Nucleoside reverse transcriptase inhibitors (NRTIs) are important drugs in the treatment of HIV-1 infection and have reduced the mortality associated with this disease. When combined with a non-nucleoside reverse transcriptase inhibitor (NNRTI) or a protease inhibitor (PI), NRTIs can suppress HIV-1 replication to undetectable levels. Many patients achieve sustained suppression of viral replication but a significant fraction of patients experience failure of their antiretroviral therapy (ART). Reasons for failure include poor patient adherence, drug-associated toxicities, and the development of resistance mutations due to incomplete suppression of viral replication. Cross-resistance of HIV-1 to the agents within a class of antiretroviral drugs may limit therapeutic options for treatment-experienced patients. Therefore, an understanding of HIV-1 resistance development has become an integral part of HIV-1 treatment design.

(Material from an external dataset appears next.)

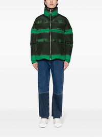 faded-effect puffer jacket Highlights - Grass green - Down-feather filling - Padded design - Faded effect - Logo print at the chest - Funnel neck - Front zip fastening - Two press-stud fastening side pockets - Long sleeves - Elasticated cuffs - Press-stud fastening cuffs - Straight hem Made in Italy Composition Filling: Down 80%, Feather 20% Front: Polyester 100% Lining: Polyester 100% Outer: Polyester 100% SIZE & FIT Model measurements Height 6 ft 2 in(1.87 m) Bust/Chest 33.07 in(84 cm) Hips 35.43 in(90 cm) Waist 26.77 in(68 cm) FittingInformation Designed to be unstructured, offering a loose fit throughout Made from a padded non-stretch fabric, giving it no natural elasticity This piece fits true to size – take your usual size Washing instructions Hand Wash

Tenofovir is an acyclic nucleotide analogue that is analogous to the monophosphate form of the other NRTIs. Upon entering cells, tenofovir requires 2 phosphorylation steps to reach the active diphosphate form, whereas 3 phosphorylation steps are required by the other NRTIs. Tenofovir disoproxil fumarate (tenofovir DF, Viread; Gilead Sciences, Foster City, CA) is an oral prodrug of tenofovir that is rapidly converted to tenofovir upon absorption. Tenofovir has in vitro activity against HIV-1, HIV-2, and human hepatitis B virus. Tenofovir selects for the K65R mutation in HIV-1 RT in vitro, and this mutation results in approximately 3-fold decreased susceptibility to tenofovir. The K65R mutation has also been observed to be selected in patients on antiviral therapy with tenofovir DF. The K65R mutation can also be selected by abacavir both in vitro and in vivo, by didanosine in vivo, by stavudine in vitro, and by zalcitabine in vitro and in vivo. However, analysis of a large panel of clinically derived viral isolates has shown that K65R is infrequent among treatment-experienced patients. Recent reports have indicated that the incidence of K65R has increased from approximately 1% in 1998 to 4% in 2003, which may reflect increased use of abacavir and tenofovir DF.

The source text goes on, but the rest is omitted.